1800. Maximum Ascending Subarray Sum|Gaozhipeng's Blog

1800. Maximum Ascending Subarray Sum

QUESTION:

Given an array of positive integers nums, return the maximum possible sum of an ascending subarray in nums.

A subarray is defined as a contiguous sequence of numbers in an array.

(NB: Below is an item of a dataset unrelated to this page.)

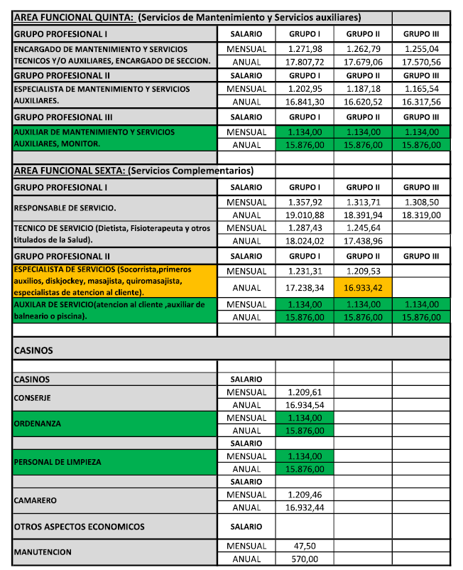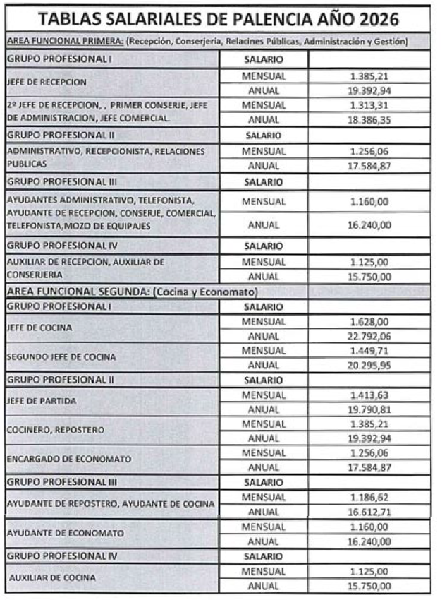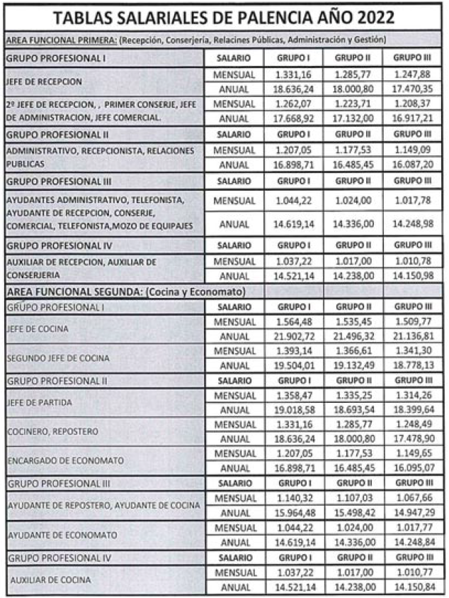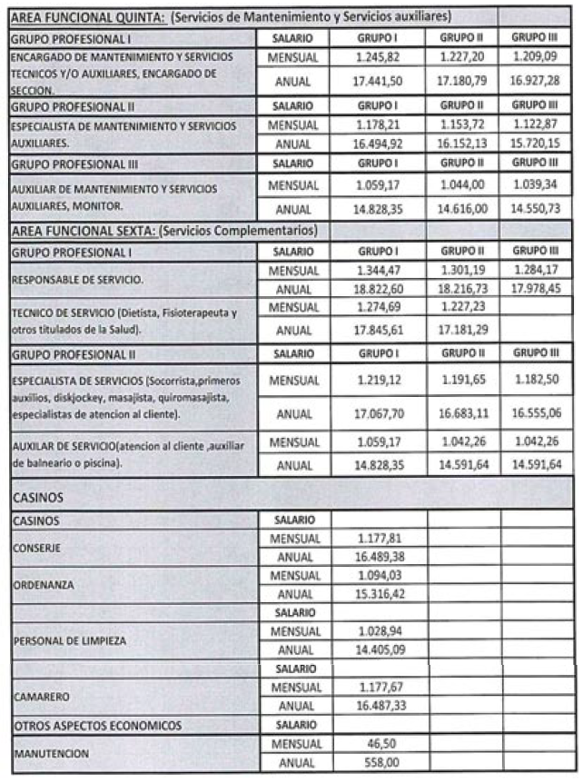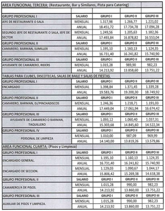 Los salarios establecidos en este convenio colectivo provincial se establecen de acuerdo a las 6 Áreas Funcionales existentes, hasta 4 Grupos Profesionales en cada una de ellas, las categorías profesionales, así como los Grupos de establecimientos (hasta cuatro), dependiendo de las categorías de los establecimientos de Hostelería que se señalan en el Anexo I de este convenio.

A subarray [numsl, numsl+1, …, numsr-1, numsr] is ascending if for all i where l <= i < r, numsi < numsi+1. Note that a subarray of size 1 is ascending.

Example 1:

Input: nums = [10,20,30,5,10,50]
Output: 65
Explanation: [5,10,50] is the ascending subarray with the maximum sum of 65.

Example 2:

Input: nums = [10,20,30,40,50]
Output: 150
Explanation: [10,20,30,40,50] is the ascending subarray with the maximum sum of 150.

Example 3:

Input: nums = [12,17,15,13,10,11,12]
Output: 33
Explanation: [10,11,12] is the ascending subarray with the maximum sum of 33.

Constraints:

1 <= nums.length <= 100
1 <= nums[i] <= 100

EXPLANATION:

只要判断出当前位置和前一个位置的大小, 如果比前一个位置大, 那么就在tmpresult上加上结果. 如果没有前一个位置大, 就将当前值传给tmpresult. 然后进行result和tmpresult的大小比较即可.

SOLUTION:

class Solution {
    func maxAscendingSum(_ nums: [Int]) -> Int {
        var result = 0
        var tmpResult = 0
        for index in nums.indices {
            if (index == 0) {
                tmpResult = nums[index]
            } else {
                if (nums[index] > nums[index - 1]) {
                    tmpResult += nums[index]
                } else {
                    tmpResult = nums[index]
                }
            }
            result = max(result, tmpResult)
        }
        return result
    }
}